DESCRIPTION OF THE TASK
Copy out and return the lines from the one holding "Ruins of the" to the end of the listing below, both included, omitting the pictures.

EXTRACTED INFORMATION

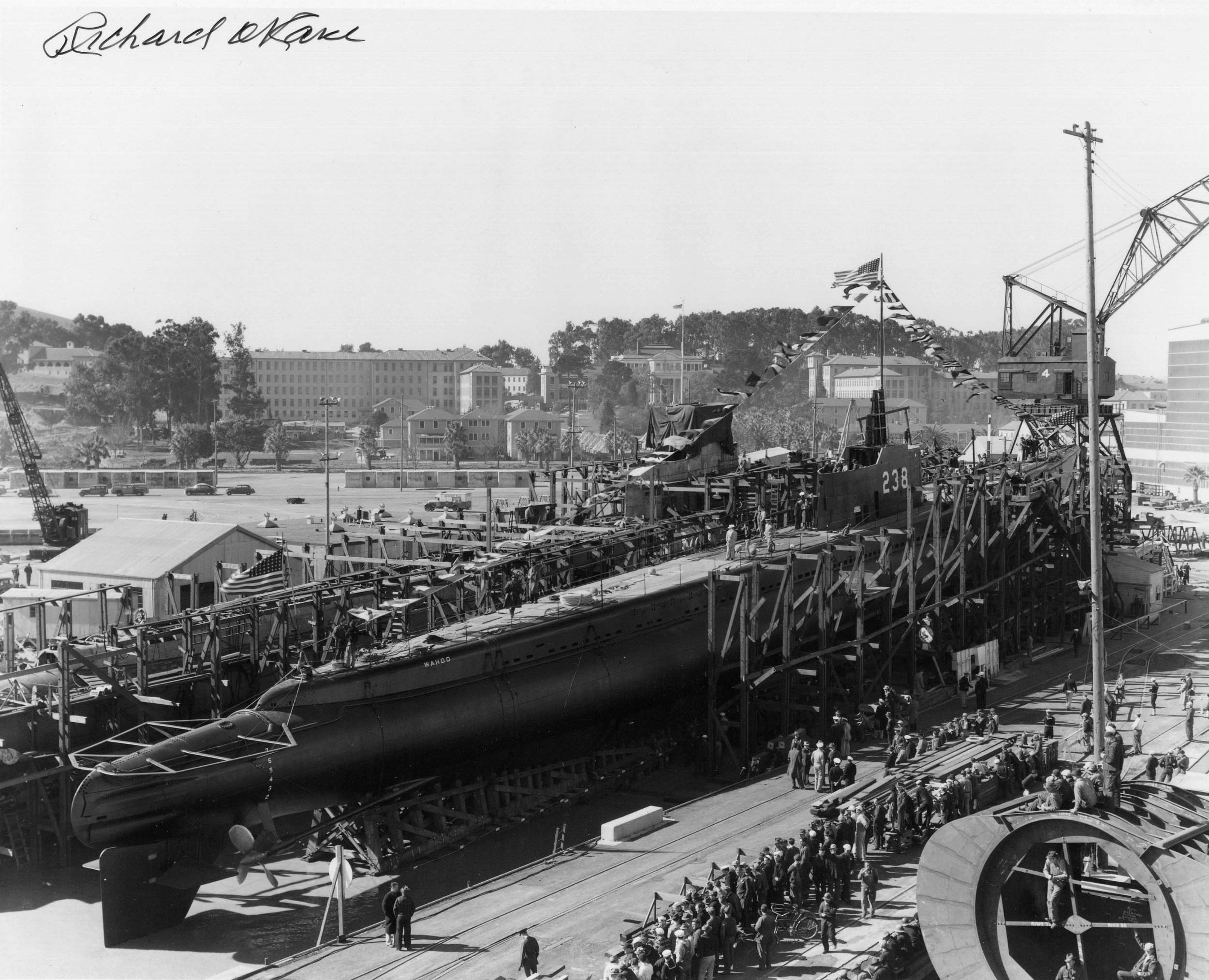 The USS Wahoo (SS-238) is ready for launching at Mare Island Navy Yard on 14 Feb 1942. The Whale (SS-239) is on the building ways on the left and a hull section for Tinosa (SS-283) is just visible on the lower left corner of the photo. Her keel would be laid on the same ways on 21 Feb 1942.
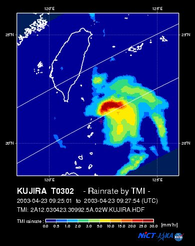 On April 23, 2003, the Tropical Rainfall Measurement Mission measured rainfall totals within Typhoon Kujira as it approached Taiwan.
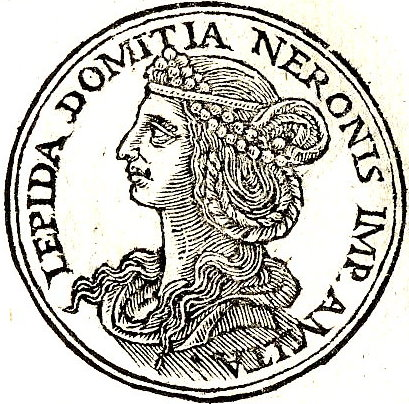 Domitia Lepida Major was the oldest child of Antonia Major and Lucius Domitius Ahenobarbus (consul 16 BC).
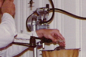 StationNT5Bmedia 03:22, 26 June 2007 (UTC)
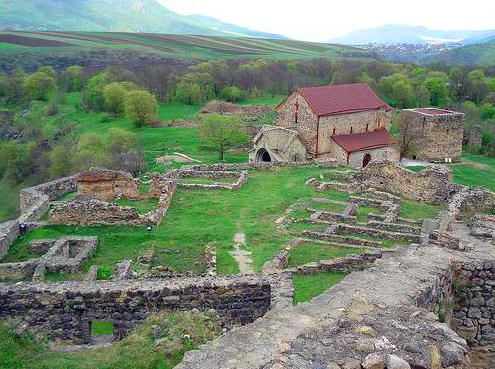 Ruins of the castle and Medieval Church in the vllage of Dmanisi in the Kvemo Kartli region of Georgia
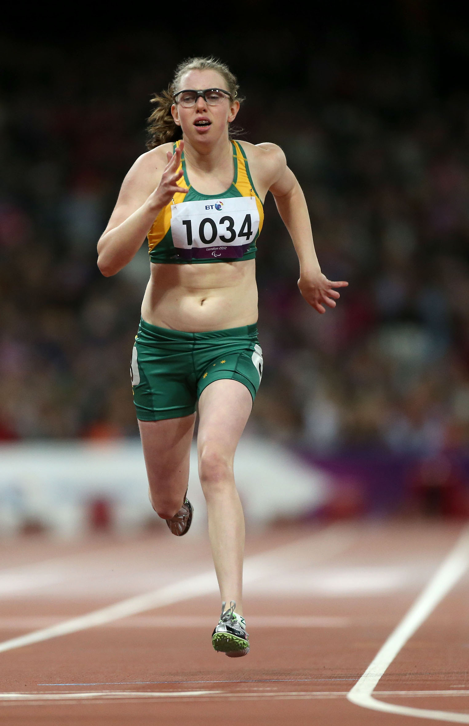 Photograph of Australian Paralympic team member Erinn Walters at the 2012 Summer Paralympics in London
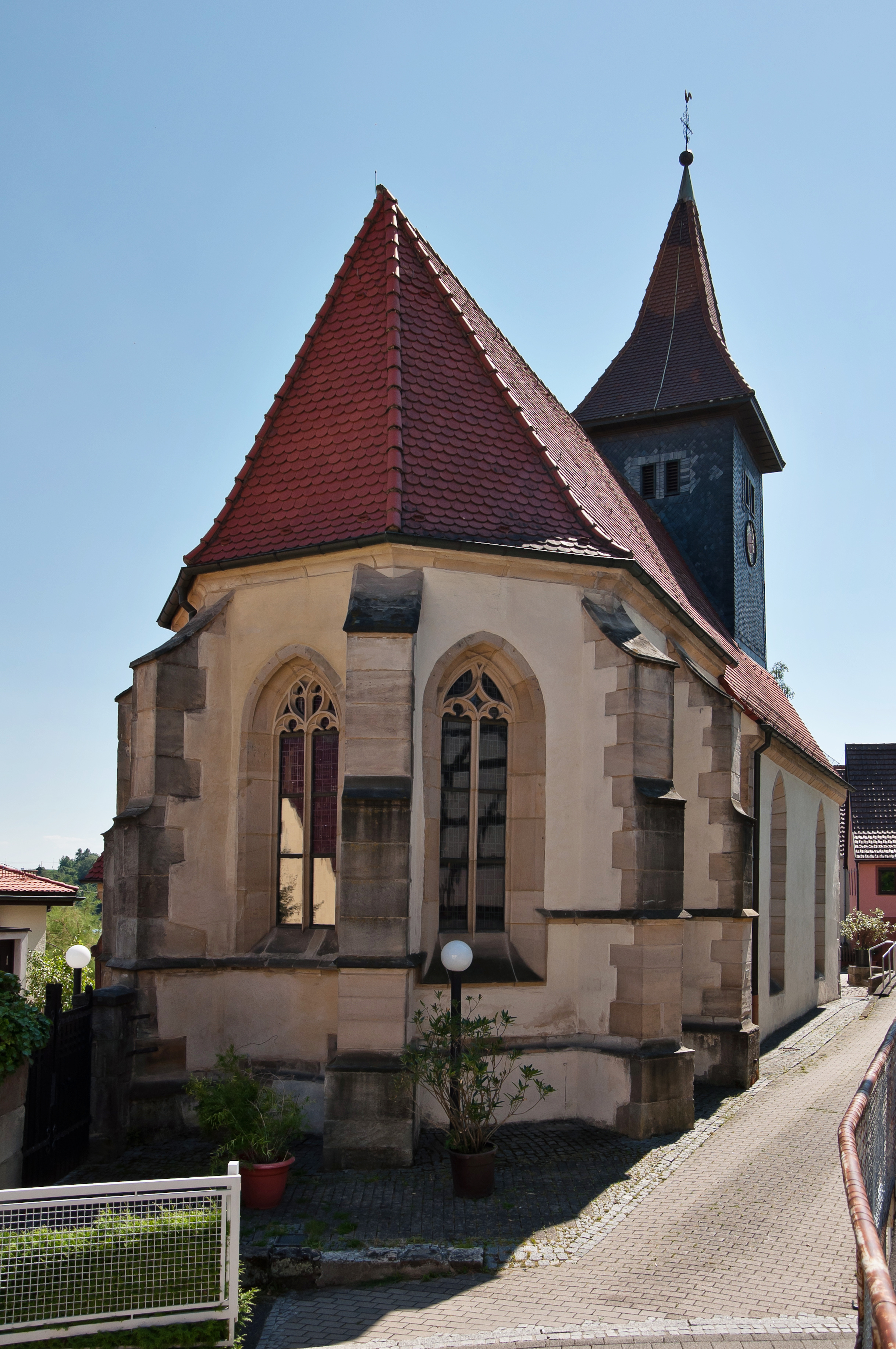 Old protestant church in Stuttgart-Heumaden
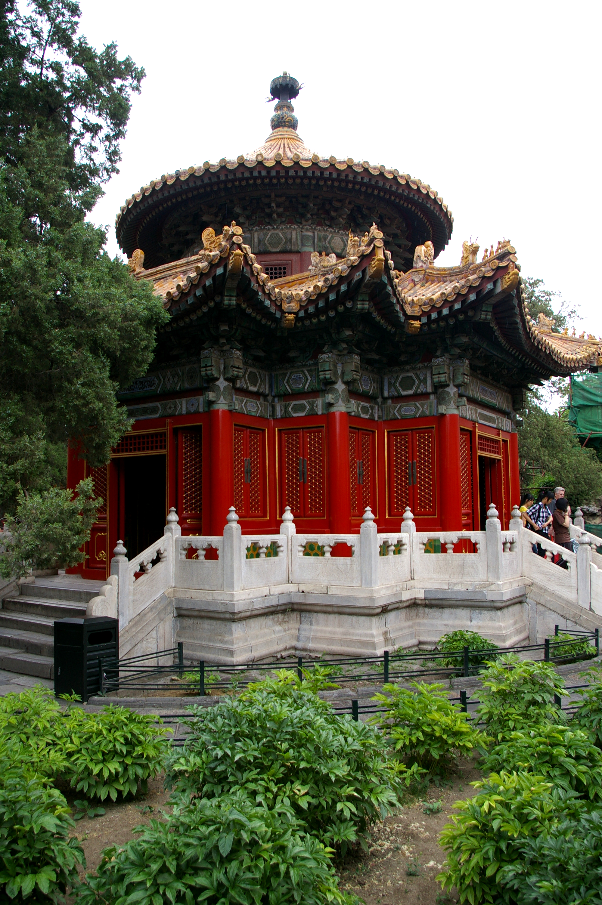 Forbidden City in Beijing
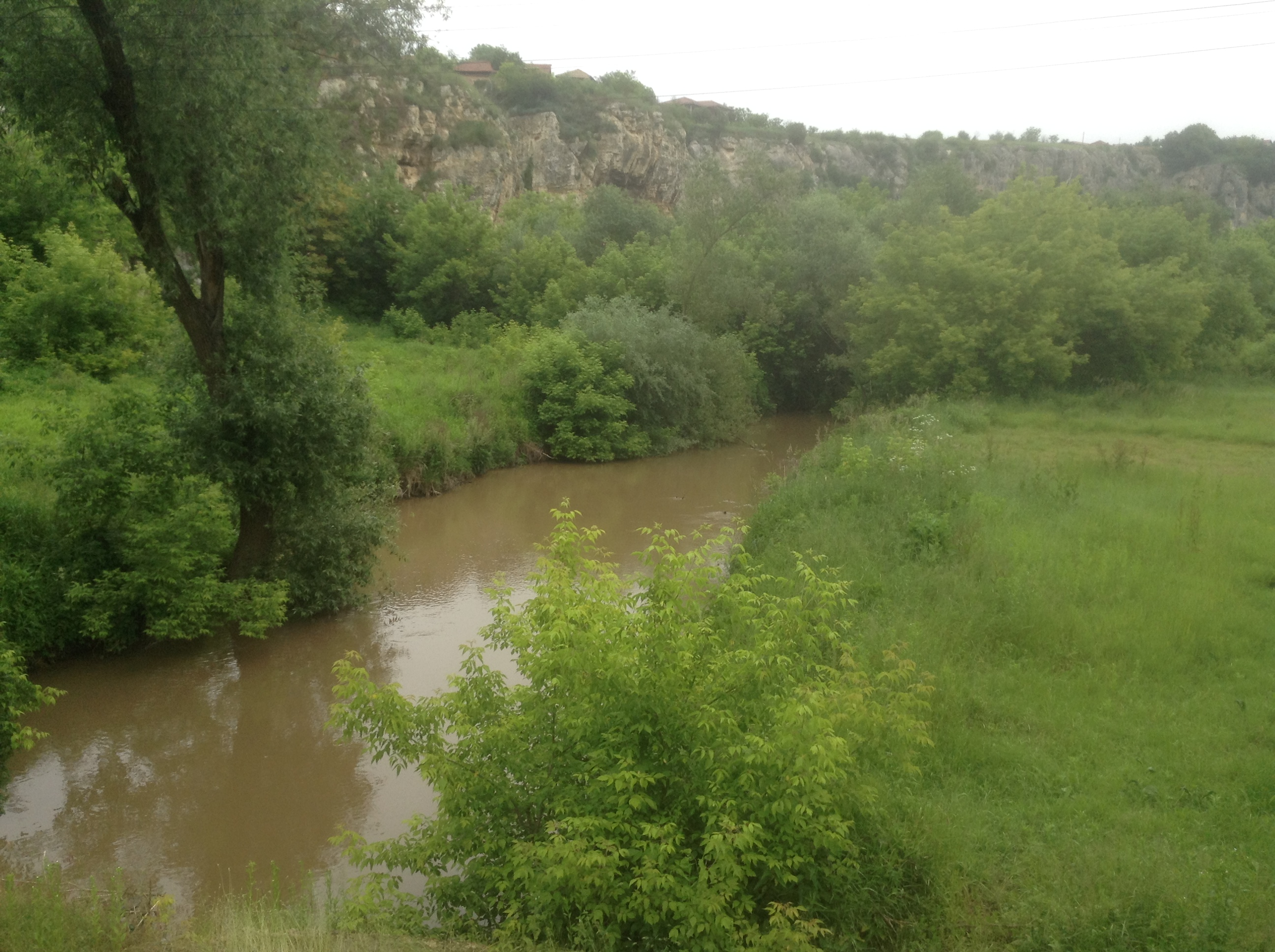 Cherni Lom river down village ov Cherven
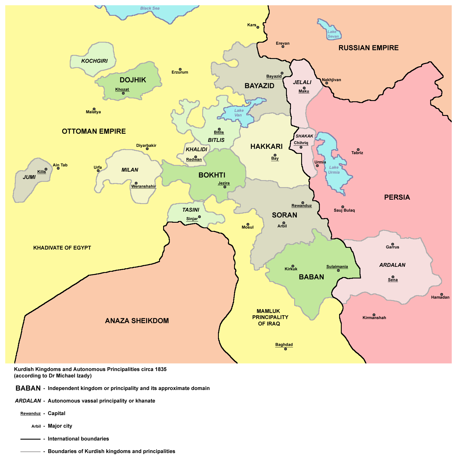 Kurdish Independent Kingdoms and Autonomous Principalities circa 1835 (according to Dr Michael Izady).

RESULT OF THIS EXERCISE
 Ruins of the castle and Medieval Church in the vllage of Dmanisi in the Kvemo Kartli region of Georgia
 Photograph of Australian Paralympic team member Erinn Walters at the 2012 Summer Paralympics in London
 Old protestant church in Stuttgart-Heumaden
 Forbidden City in Beijing
 Cherni Lom river down village ov Cherven
 Kurdish Independent Kingdoms and Autonomous Principalities circa 1835 (according to Dr Michael Izady).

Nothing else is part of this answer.